PROBLEM REQUIREMENTS:
Only one stretch of the data should be retyped: the lines from the line containing "Sistema de alta" through the line containing "Alexandre GRETCHANINOFF (1864-1956)". Keep pictures out of it.
Start of GIVEN DATA
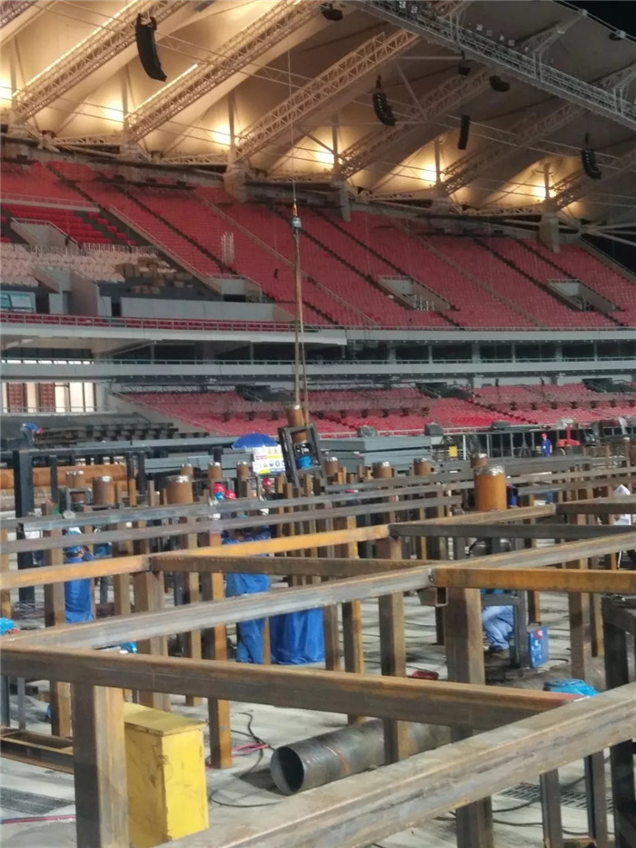 軍運會開幕式前夕,武船集團參與舞臺建造項目的全體員工又認認真真、仔仔細細地將整個舞臺每一條焊縫、每一刻螺絲、每臺設備、每處臺面,都進行了再一次的檢查。
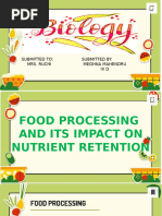 Recommendations for Maximum Retention of Health-promoting Food Components Considering the research findings on the effects of processing and storage of foods on micronutrients and bioactive compounds, the following measures are recommended to maximize retention of these food components. For home preparation and storage: 3 4 5 6 7 8 9 Plant or buy varieties/cultivars rich in micronutrient and bioactive compounds. Store raw fruits and vegetables intact and keep storage time short. Store at refrigerated temperature for more prolonged storage. If sun-drying is needed, protect food from direct sunlight. Avoid peeling fruits and vegetables when the peel is edible. Wash fruits and vegetable before peeling or cutting, not after. Avoid cutting of fruits and vegetables into very small pieces and consume or cook them immediately after peeling, cutting, chopping or pulping. Cook to just doneness.
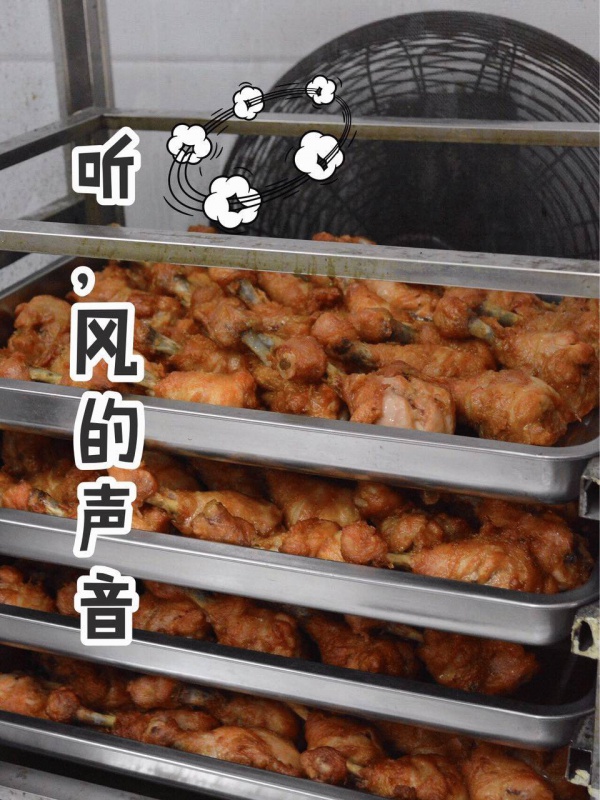 油锅里“沐浴”完的鸡腿们,立马要投入电风扇的怀抱,听一听风的声音,让整个腿上的肉都轻松凉快下来。
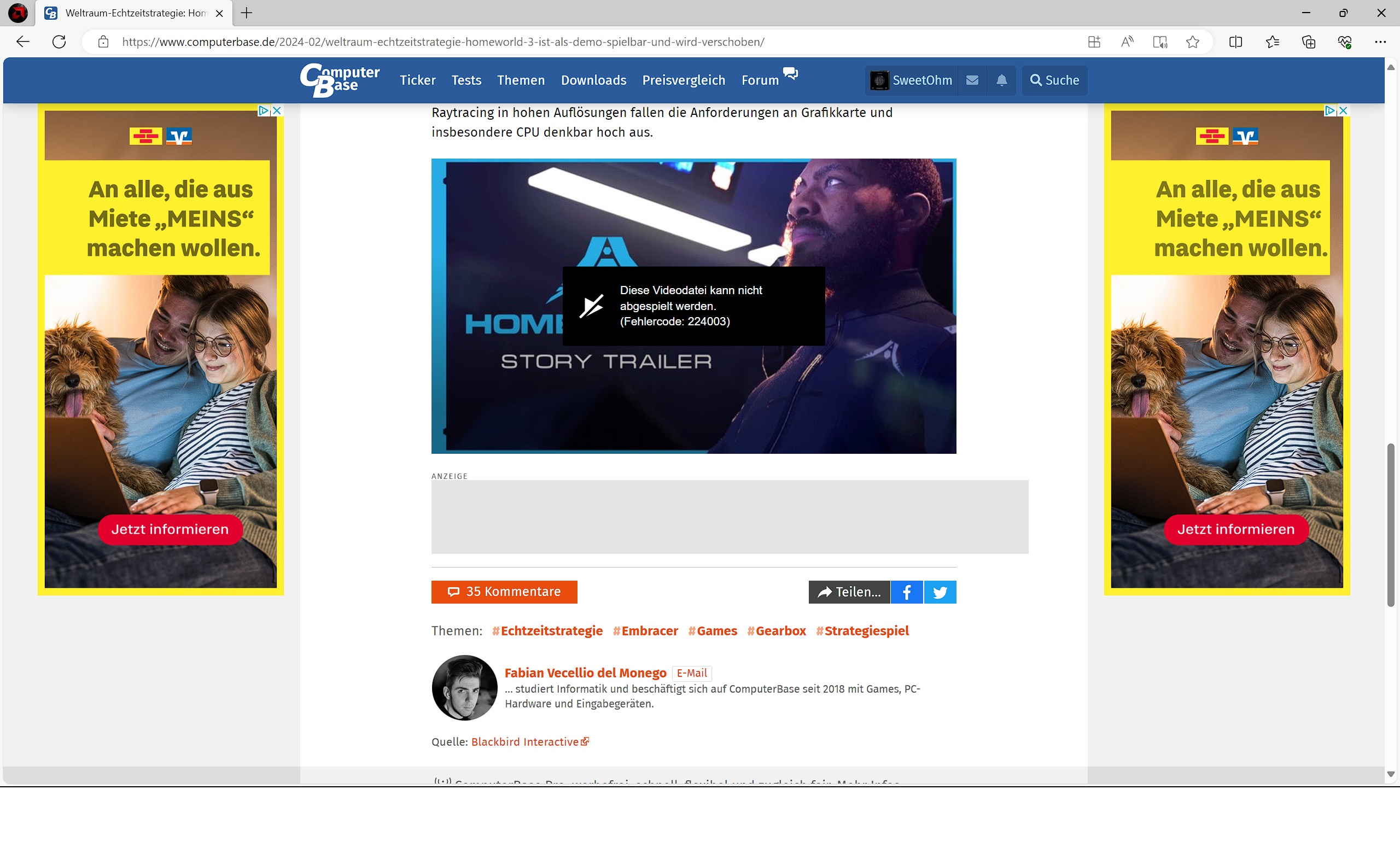 Frage : liegt es an mir, bzw. an irgendwelchen Einstellungen, dass die "eingebetteten" Videos in einer NEWS
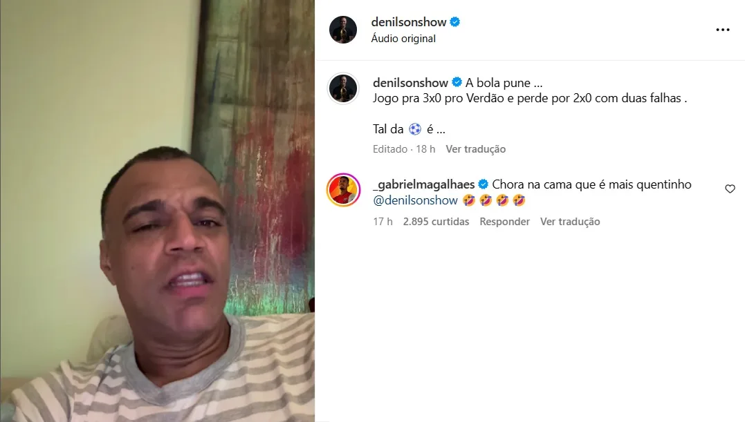 “Futebol nunca teve justiça, né?! É aquele joguinho para 3 a 0 ou 4 a 0. Só que quem não faz, toma! Jogo grande, clássico… o Corinthians fez dois gols em duas falhas. A segunda do Weverton e o primeiro (gol) do Garro na (falha) do Caio Paulista. O resto… é a tal da bola.”, disse Denílson, em vídeo no Instagram.
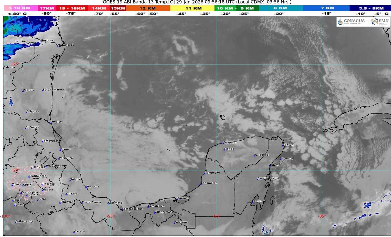 Sistema de alta presión localizado sobre el norte del golfo de México mantendrá sobre el estado de Quintana Roo viento de componente norte con rachas de 40 km/h, cielo parcialmente nublado a nublado, lluvias aisladas (acumulados menores a 5 mm), ambiente cálido a templado durante el día y fresco a frío por la madrugada y al amanecer. Se prevén bancos de niebla en zonas rurales, urbanas y tramos carreteros.
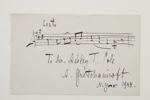 Alexandre GRETCHANINOFF (1864-1956) compositeur russe. P.A.S. musicale, 1944 ; 1 page obl. in-12.
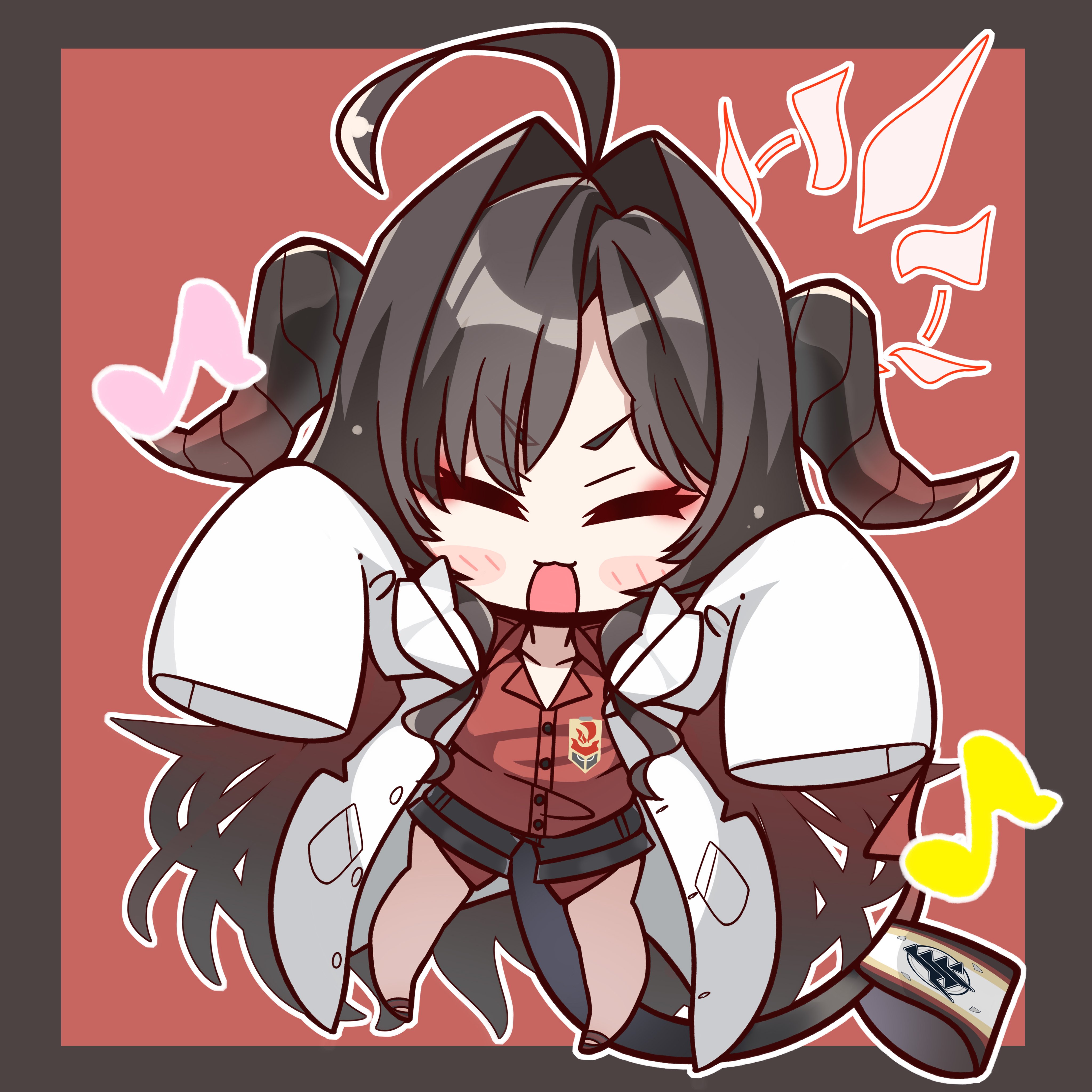:31boy1girlahogeblack shortsblush stickersborderbrown borderbrown hairchibichibi onlyclosed eyescoatcollared shirtcurved hornsdemon girldemon hornsdemon tailfacing viewerfull bodygehenna academy logohair between eyeshair intakeshalohornshuge ahogelab coatlong hairmusical notenckak9rjjdjff4eopen clothesopen coatopen mouthoutlineoutside borderred backgroundred halored shirtshirtshortssimple backgroundsleeves past fingerssleeves past wristssmilesolostandingtailthick eyebrowsv-shaped eyebrowsvery long hairwhite coatwhite outlinewide sleeves
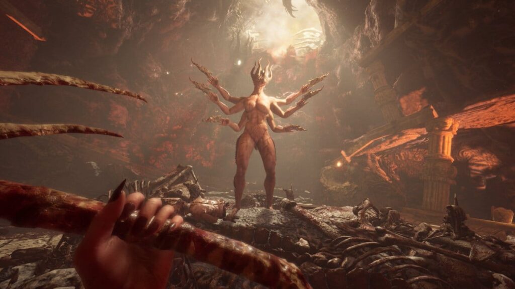 Das Gameplay selbst, ist wie oben kurz angeschnitten aus der Ego-Perspektive, die Charakter Bewegungen sind vergleichbar wie in Agony, jedoch deutlich flüssiger. Ebenso wurden die Animationen stark verbessert, man kann sehen das Madmind Studios Erfahrung gesammelt hat. Mir ist dennoch aufgefallen, dass je nach Untergrund es sich besser oder schlechter laufen lässt. Stellenweise bewegte sich meine Spielfigur so arg langsam, dass die Gegner mich in Sekunden zerfetzten, hier ist die Steuerung teilweise schlampig. Meiner Meinung hat Madmind Studios die Optik der Hölle, sowie auch diverse Spielmechaniken oder Gameplay von einem anderen, sehr bekannten Spiel abgeschaut. Was keinesfalls negativ aufzufassen ist, schließlich ist früher oder später eh alles mal irgendwann, irgendwo, in einem Spiel mal dagewesen.
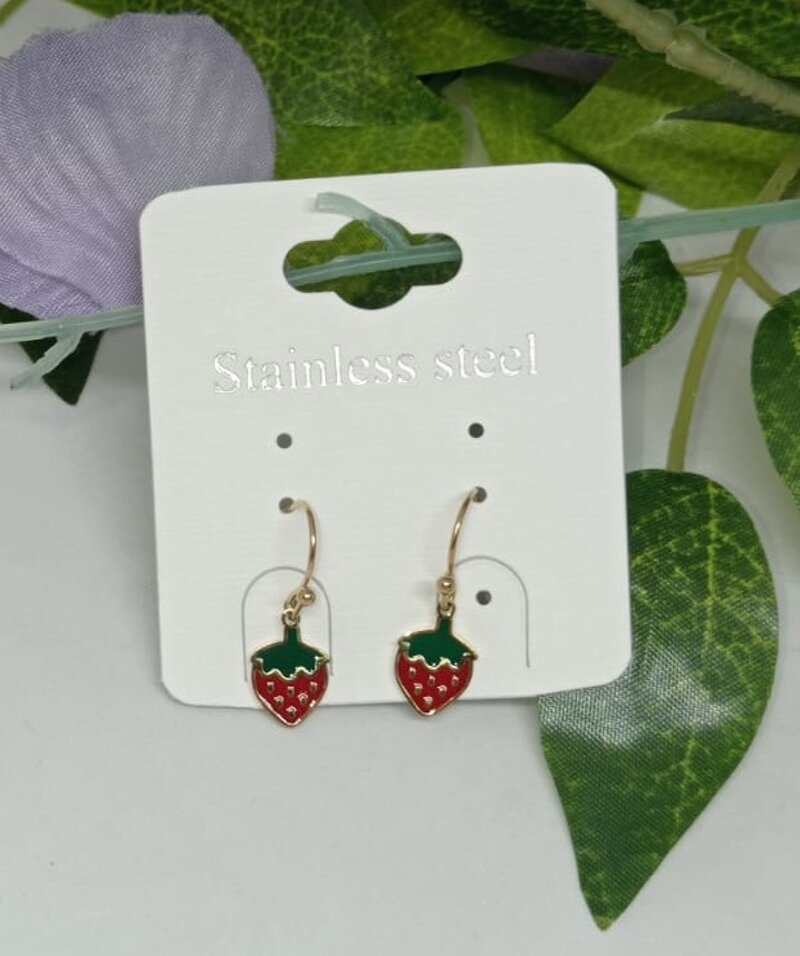 Orecchini con monachella in acciaio con fragola
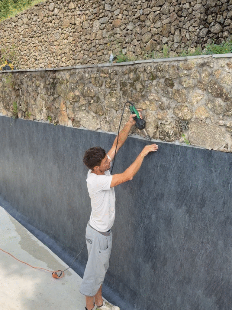 ❌ Risque de fuite à long terme. L’enduit est ce qui rend la piscine étanche, ce dernier est en prise directe sur le mur de la piscine. L’étanchéité et la bonne tenue de cet enduit est solidaire de la structure du bassin. Si la structure du bassin bouge ou micro-fissure l’enduit fera de même et toute l’étanchéité de la piscine sera remise en cause.
End of GIVEN DATA
SOLUTION TO THE PROBLEM:
 Sistema de alta presión localizado sobre el norte del golfo de México mantendrá sobre el estado de Quintana Roo viento de componente norte con rachas de 40 km/h, cielo parcialmente nublado a nublado, lluvias aisladas (acumulados menores a 5 mm), ambiente cálido a templado durante el día y fresco a frío por la madrugada y al amanecer. Se prevén bancos de niebla en zonas rurales, urbanas y tramos carreteros.
 Alexandre GRETCHANINOFF (1864-1956) compositeur russe. P.A.S. musicale, 1944 ; 1 page obl. in-12.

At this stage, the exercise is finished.